Розанову дорого особое положение Гоголя в русской литературе — уже в дебютной книге «О понимании» (1886) классик признается родоначальником целого направления в культуре, логически приведшего ее (культуру) к саморазрушению. «Гоголевское направление русской литературы», антицерковное по сути, неожиданно оказывается созвучным церковной политике, нигилистической и нетерпимой по отношению к царствию земному. Церковь и гоголевская сатира, по Розанову, объединились в деле « выноса кумиров» с«лица Земли»: священных кумиров, со стороны церкви, и цивилизационных, государственных и культурных, со стороны сатиры. Интеллигенция, нигилистически воспитанная Гоголем и всегда предпочитавшая Гоголя другим литературным пророкам, привела Россию к катастрофе, что дает Розанову право объявить Гоголя «врагом России № 1».
Если дореволюционные антигоголевские выступления Розанова носили охранительный и предостерегающий характер, то книга 1918 года «Апокалипсис нашего времени», ряд статей и писем 1917–1918 годов однозначно утверждают свершившуюся в революцию победу Гоголя над осмеянной им действительностью. Несколько ярких и точных образов из «Апокалипсиса» стали расхожими, прославив эту книгу: «Русь слиняла в два дня»и «Зрелище Руси окончено… но ни шуб, ни домов не оказалось».Сквозь них в розановском предсмертном сочинении проступает образ истории России как завершившегося театрального спектакля, где население было исполнителем, зрителем, а позже жертвою многовекового зрелища.

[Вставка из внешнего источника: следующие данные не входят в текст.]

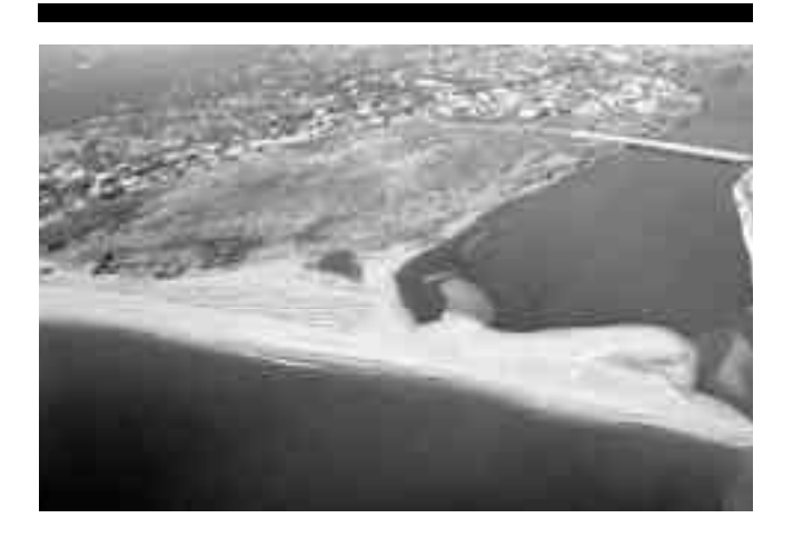
Figure 19. An aerial view of Guadalquitón estuary after restoration (Cádiz, Spain)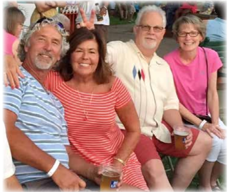
The Deers & the Tiltions

В этой главе мы попытаемся рассмотреть не раз подвергавшуюся исследованию тему «Розанов и Гоголь» — в специфически театральном ключе, а именно выяснить, почему стал возможным в разговоре о революции мощный театральный мотив и как внутренне связывал Василий Розанов гоголевскую тему с темой «оконченного зрелища Руси».
Затмение Христа народом
В 1909 году Суворинский театр отмечал 100-летие со дня рождения Николая Васильевича Гоголя. К событию была приурочена премьера пьесы «Ревизор», которую сыграли 20 марта. Юбилейная постановка была решена Сувориным и режиссером Николаем Арбатовым весьма оригинально: Борис Глаголин выходил к публике в историческом гриме и парике актера Николая Дюра, первого российского Хлестакова из постановки Александрийского театра 1836 года. Исполнение Дюром роли Хлестакова стало легендой или, правильнее сказать, антилегендой истории театра XIX века. Работой актера был недоволен сам драматург — Дюр увидел в Хлестакове ветреного героя-любовника из заурядного водевиля. Этот случай обязан был стать классическим примером косной театральной практики, не успевающей за движением мысли «прогрессивных» драматургов.